Анастасия Дробина - Прекрасное видение
– Я слушаю вас. – Голос монашка был несколько удивленным. Беспризорники остановились и во все глаза уставились на меня.
– Простите… Извините, пожалуйста! – выпалила я, задыхаясь от бега. – Мне нужно поговорить с вами!
– Со мной? – Небесные глаза стали еще больше. – П-п-пожалуйста… Коля, веди всех в трапезную!
Мальчишка с умной хитроватой рожицей не без удовольствия возглавил колонну. Мы с монашком слегка отстали. Он вопросительно и немного смущенно взглянул на меня. Мельком я отметила, что «святейшество» примерно одних лет со мной. Если не моложе.
– Пожалуйста, говорите. – Он смотрел на меня участливо, как на идиотку.
– Видите ли, варежки… на ваших детишках… – промямлила я. – Такие вязала одна моя подруга. А десять дней назад она пропала.
– Ванда пропала?
Рот у меня открылся сам собой. Я во все глаза смотрела на встревоженное лицо монаха и не могла выдавить ни слова. Выручил Яшка, ловко вклинившийся между нами.
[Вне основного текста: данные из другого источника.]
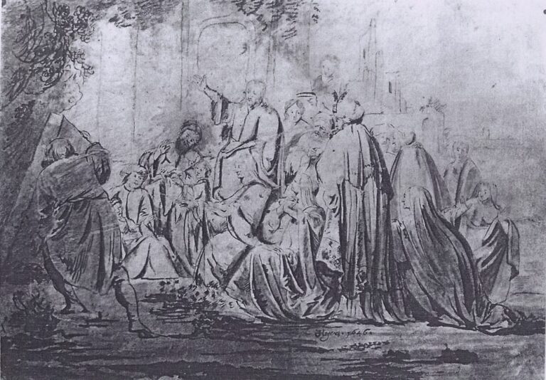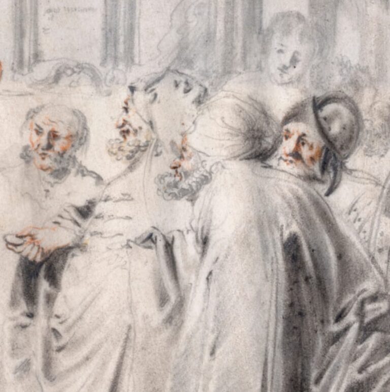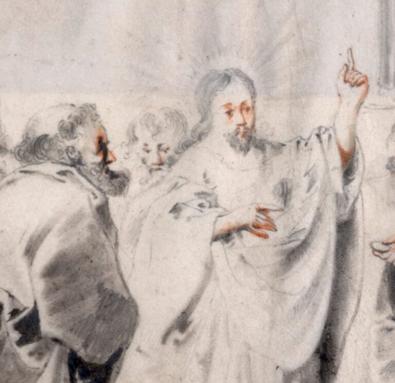 Our beautifully preserved sheet is typical of Hogers’s drawn oeuvre: all his known drawings are executed on vellum, in pen and wash in grey or black, and with accents in red on hands and faces, and take subjects from biblical history as their inspiration. About a dozen drawings are known, most in international museums. Our drawing may be compared to the Raising of Lazarus in the Rijksmuseum, Amsterdam (fig.).4 Hogers’s drawings must have been highly valued during his lifetime: the Deventer mayor Wilhelm Gelinck owned no less than six drawings on vellum by the artist.5
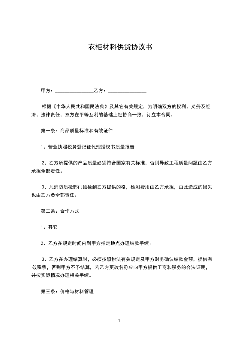 3、乙方在向甲方提供材料时,必须均为优等品。首先要提供样品。样品要符合甲方所需材料质量要求,不得以次充好,若发现质量问题甲方将从材料总金额中扣除50%作为惩罚。

– Ты что, ее знаешь? – грубо спросил он.
– Конечно, знаю, – улыбнулся ему монашек. – Она часто бывала здесь.
– Ну так рассказывай, ты… Как тебя звать?
– Сергей.
– И… все? – усомнился Яшка. – Ты что – не поп?
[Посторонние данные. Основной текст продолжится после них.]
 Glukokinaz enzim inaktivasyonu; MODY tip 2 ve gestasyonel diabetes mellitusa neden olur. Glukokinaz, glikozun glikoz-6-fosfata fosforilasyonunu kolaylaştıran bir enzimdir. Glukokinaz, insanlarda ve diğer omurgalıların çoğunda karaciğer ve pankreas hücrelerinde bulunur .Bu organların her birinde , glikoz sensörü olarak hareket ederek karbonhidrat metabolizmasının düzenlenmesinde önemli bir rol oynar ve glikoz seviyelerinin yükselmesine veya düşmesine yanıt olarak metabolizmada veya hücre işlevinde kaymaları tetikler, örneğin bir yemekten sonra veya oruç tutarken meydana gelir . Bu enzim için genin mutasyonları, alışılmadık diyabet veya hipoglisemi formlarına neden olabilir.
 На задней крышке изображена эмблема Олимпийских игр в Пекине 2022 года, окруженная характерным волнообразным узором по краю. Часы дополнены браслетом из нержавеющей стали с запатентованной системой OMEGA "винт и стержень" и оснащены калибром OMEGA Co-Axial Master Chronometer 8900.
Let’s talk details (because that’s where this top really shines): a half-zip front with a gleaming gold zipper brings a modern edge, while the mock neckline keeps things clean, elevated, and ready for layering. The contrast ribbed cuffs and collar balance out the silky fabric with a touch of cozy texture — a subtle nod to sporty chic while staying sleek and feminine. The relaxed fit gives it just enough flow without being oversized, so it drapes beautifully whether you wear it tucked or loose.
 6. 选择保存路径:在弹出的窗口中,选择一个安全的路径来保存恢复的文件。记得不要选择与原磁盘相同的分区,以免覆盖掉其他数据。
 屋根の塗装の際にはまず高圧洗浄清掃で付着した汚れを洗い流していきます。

– Я еще даже не монах, – снова показал белые зубы Сергей. – Пока что послушник, готовлюсь к постригу.
Яшка пробормотал сквозь зубы что-то про хрен и редьку. За спиной Сергея я показала ему кулак. Втроем мы пошли к опутанному строительными лесами зданию церкви.
Внутренний двор монастыря меньше всего напоминал божью обитель. Повсюду виднелись штабеля бревен и досок, строительный мусор, горы цемента и кирпичей, кое-как прикрытые от снега брезентом. Возле них суетились рабочие и монахи. В отдаленном углу, у стены, раздавался смех и вопли: группа приютских сражалась в снежки.
– Монастырь пока не действует, – на ходу объяснял Сергей. – Работы еще много, а денег мало. На то, что дала мэрия, открыли приют, но уже и его держать почти что не на что.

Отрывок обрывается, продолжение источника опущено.